Bugger! Every time I hope for a new SLR rumour, it gets shot down. I'm still waiting for a 7D mk II rumour.... Looks like that's a long time off yet!


----------



## Eagle Eye (Sep 11, 2011)

No release prior to the holidays seems like a poor decision. Sure, they want to be able to meet production requirements, but they're going to take a hit if the D5100 becomes the hot selling dSLR for the holidays. Honestly, if I was just getting into photography, the D5100 would seem a more attractive buy than the T3i. The latter is essentially the same guts as the 2010 T2i; nearly two years old.
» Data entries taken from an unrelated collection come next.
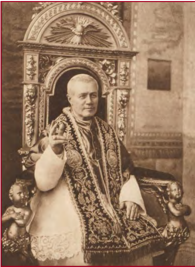
Saint Pie X encouragea les études chez les prêtres et les fidèles

Saint Pie X a toujours eu ce souci d'enseigner la parole de Dieu autour de lui. Simple prêtre, évêque, archevêque puis pape, jamais il ne s'est écarté de cette noble mission de pasteur dans l'Église. C'est qu'il connaissait les conséquences désastreuses de l'ignorance pour les âmes. D'ailleurs les ennemis de Dieu et de l'Église le savent, eux qui utilisent tout leur pouvoir pour augmenter cette ignorance.
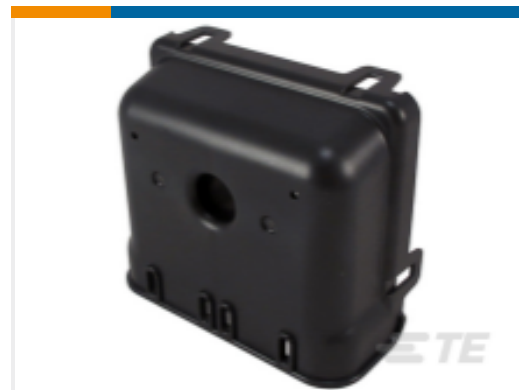
TE 产品编号4828-007-8605 BKSHL, 86P, BLK, VERTICAL, DRCP
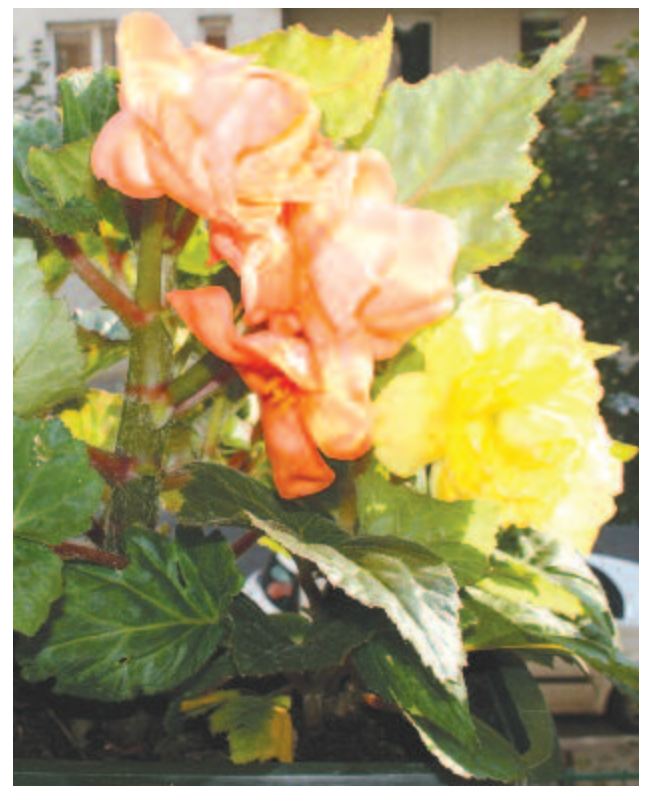
Égnek a begóniák

De hát az ármány, hol ember van, mindig megjelenik. Régi történet. 583 évvel ezelőtt, 1436. június 6-án született Königsbergben Johannes Regiomontanus – sok régi kalendárium Királyhegyi Jánosa – késő középkori német matematikus, csillagász. 1467-ben Vitéz János esztergomi érsek hívására Magyarországra jött, aki az akkor újonnan megalapított pozsonyi egyetem ( Academia Istropolitana ) professzorának is meghívta. Mátyás király udvarában a Corvina könyvtár görög kéziratait rendezte. (Három évvel hamarabb, 1464. június 7-én nevezte ki Mátyás király Vitéz János akkor még váradi püspököt Bihar megye örökös főispánjává a Szent Korona kiváltásában szerzett érdemeiért.) Magyarországon írta Ephemerides című csillagászati művét, amelyet Kolumbusz is felhasznált felfedezőútján, valamint itt készítette el trigonometriai munkáját és táblázatait. 1471-ben Nürnbergbe távozott, ahol további csillagászati megfigyeléseket végzett. Ő készítette 1473-ban az első olyan táblázatot, amely bármely időpontra meghatározza a Nap és a Hold egymáshoz viszonyított helyzetét. Ennek a földrajzi hosszúság meghatározásában volt fontos szerepe, különösen az éjszakai hajózásnál. 1475-ben IV. Sixtus pápa Rómába hívta, hogy a naptárreformban
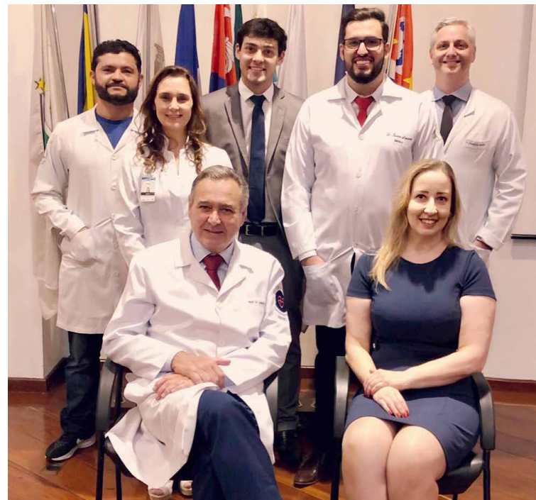
Equipe do Hospital Estadual Mário Covas e Centro Universitário FMABC
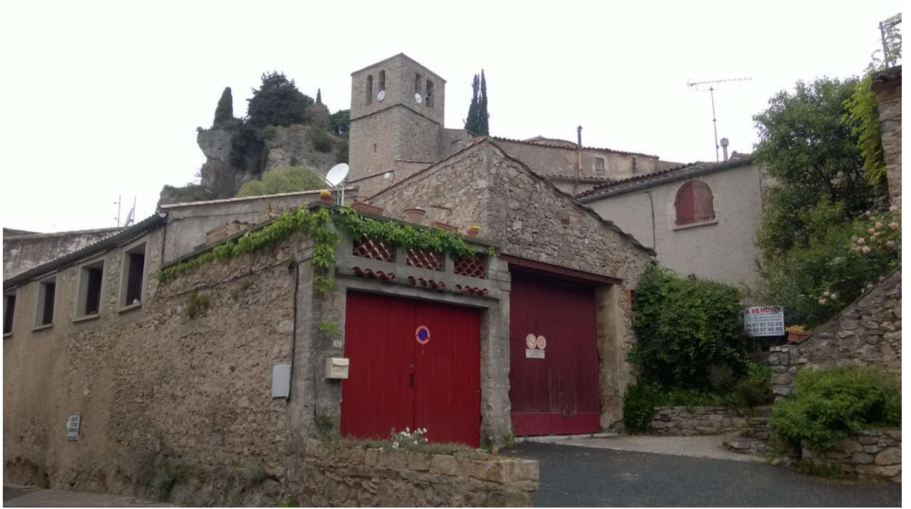
— Le Cirque de Mourèze (Felsenmeer)
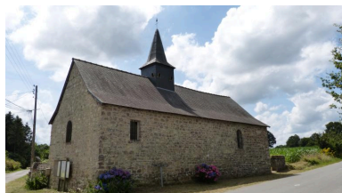
Vue générale nord-est en 2018 IVR53_20183506994NUCA
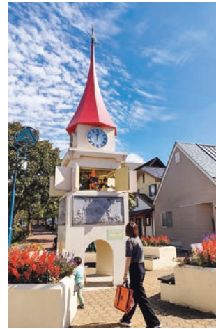
秋晴れのからくり時計

地区の中心に松原モールがあります。モールの中核部には「からくり仕掛けの時計台」が立ち、松原地区の宝として住民を見守っています。
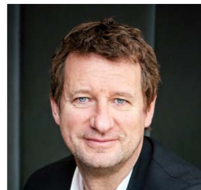
Yannick Jadot, Tête de la liste Europe Écologie à l'élection européenne.

Ce que nous écologistes voulons, c'est une Europe enfin capable d'offrir à chacun d'entre nous ce à quoi nous avons tous droit : le bonheur. C'est quoi le bonheur ? C'est de voir ses enfants grandir sereinement, dans une Europe qui va leur offrir la santé, une éducation, un travail qui ait du sens. C'est de leur permettre d'abord à ces enfants de respirer un air qui ne soit pas vicié par la pollution. De boire une eau qui ne soit pas truffée de pesticides. De croquer dans une pomme qui ne recèle pas des dizaines de résidus de produits chimiques. C'est de leur offrir un avenir dans lequel ils vont se projeter avec confiance et
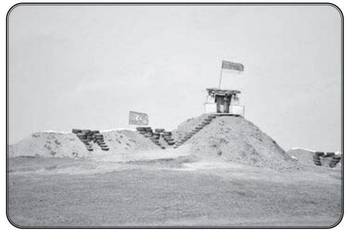
این مقام ارمنی در ادامه افزود: با وجود ابراز تاسف ارمنستان و جامعه جهانی، حتی این دادگاه هم نتوانست جلوی پاکسازی نژادی را از سوی باکو بگیرد و جمهوری آذربایجان در سپتامبر ۲۰۲۳ (شهریور ۱۴۰۲) پس از ۹ ماه گرسنگی دادن به ارمنیان ساکن قره‌باغ از طریق انسداد گذرگاه لاجین، یک حمله غیرقانونی را آغاز کرد، صدها نفر را کشت و بیش از ۱۰۰ هزار نفر دیگر از ارمنی‌های ساکن
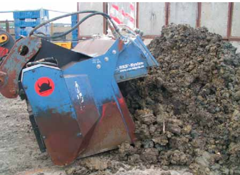
SkanCraft- Schaufelseperator und RSS-Dosiereinheit, eine untrennbare Einheit für hohe Leistungen bei der Verarbeitung schwieriger Böden.
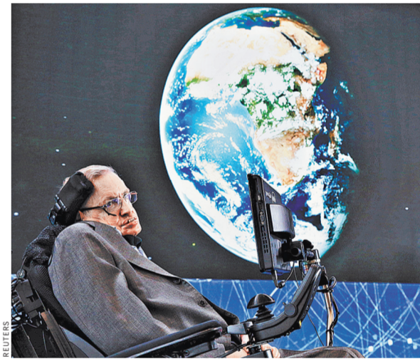
Стивен Хокинг стал одним из инициаторов проекта по отправке мини-аппаратов к звездной системе Альфа Центавра.
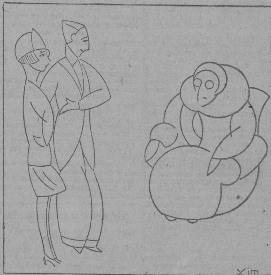
El novio.—Tengo, querida abuela, el gusto de presentarle a mi esposa. La abuela.—¿Sí? Pues, yo creía que era una salsicha.
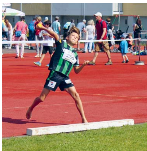
Auch dieses Jahr finden wieder die beiden beliebten Wettkämpfe «UBS Kids Cup» und «De schnellscht Flowiler» statt.
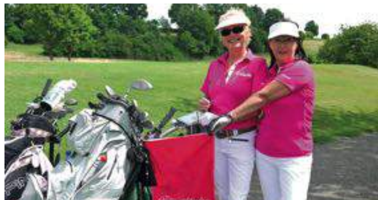
Eine komplette Ausstattung schadet nicht.

The point and shoot market could take a hit this holiday if the iPhone has another update to its camera and the other phone makers follow suit. I'm not sure what Canon is predicting it will be selling a lot of camera-wise this holiday season...


----------



## Mt Spokane Photography (Sep 11, 2011)

Further advances in DSLR's seems to be incremental. I prefer to wait until there is something that is a big enough improvement to make it worth upgrading from my 5D MK II or 7D.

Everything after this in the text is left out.